What's the difference between a solar flare and a coronal mass ejection? And how do they lead to auroras?
Category
🤖
TechTranscript
00:00Solar flares is just the bright flash that you'll see of radiation from that field line snapping
00:06that energy release. A coronal mass ejection is some of the sun's like plasma soup actually being
00:12like burped out of the sun. I love that phrase plasma soup. Yeah, tasty plasma soup. I mean,
00:19pretty, but I mean, a little terrifying, right? I mean, does it affect Earth? Um, so it does,
00:29but not in like a, so not in a, in an always really terrible way.
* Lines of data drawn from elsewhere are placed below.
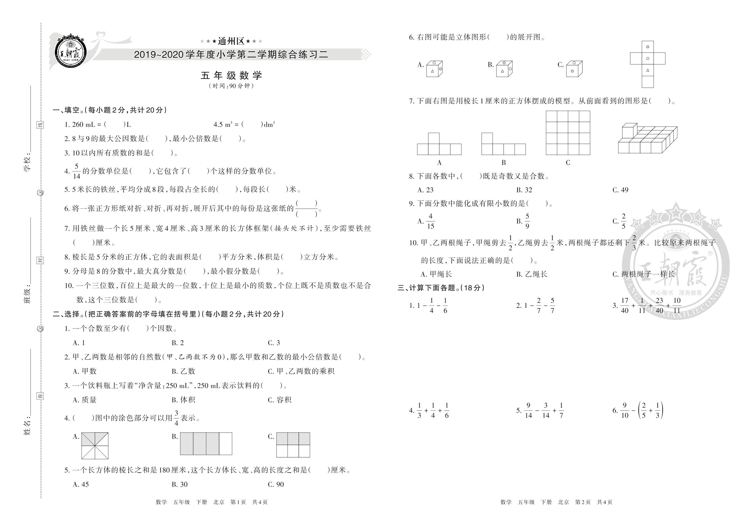 通州区2019~2020学年度小学第二学期综合练习二五年级数学(北京版)
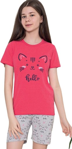 Футболка з коротким рукавом має горловину, оброблену обробкою під колір брюк і декоративним принтом. Шорти з малюнком.
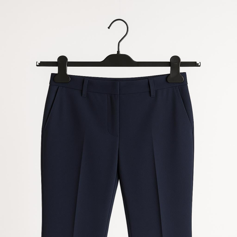 Ce cintre est la référence du secteur pour présenter jupes, pantalons, shorts et maillots de bain. Contrairement aux cintres traditionnels, ses pinces permettent de suspendre les vêtements à la verticale sans les plier, évitant ainsi les plis et permettant aux clientes d'apprécier pleinement la longueur et la coupe de l'article.

Most of the time,
00:36the Earth has a pretty strong magnetic field, which is really, really good news for us because
00:41it protects us from all of these like highly energized particles that the sun has just spewed
00:46out at us. Um, in this case at like speeds of like 2 million miles per hour, which is just,
00:51I guess, 33 times less than the speed of light pretty quick. Um, so what the Earth's magnetic
00:58field will do is it will absorb all of these particles. The energy will go into stretching
01:04out the magnetic field in space. So it's like, it's kind of bunched out towards the, it gives
01:10it a long tail. Um, and then most of those particles will gather kind of towards the poles where they
01:18will like go downwards and then energize some of the molecules in the atmosphere. And when these,
01:24when these, um, molecules in the atmosphere then give out light, um, to, in order to kind of go down
01:30to a lower energy level, that's what, why we see the Aurora. Now, because there's so many of these
01:36like particles coming in, you're getting auroras much lower down, um, along the Northern hemisphere
01:42than you would normally expect to see. That's, that's, that's, that's a pretty, that's a nice
01:48effect there. Um, and I know that, uh, people had already taken video from it. Uh, this is from,
01:55uh, Manitoba in Canada. Beautiful, just absolutely beautiful. Yeah. Yeah. Yeah. And like, I think also
02:03you could see the Aurora in the U S certainly like as far south as Pennsylvania, Iowa and Oregon over
02:09the last few days as well. Oh, right. On a spaceweather.com that you guys were sharing
02:15information from, uh, they showed some pictures purple. I mean, purple, what a, what an aura that
02:22earth is giving off of this Aurora. And you know, I, uh, when you mentioned polls, I'm like, that's why
02:30they're always up there towards the polls. We got to get closer to some polls, Ben.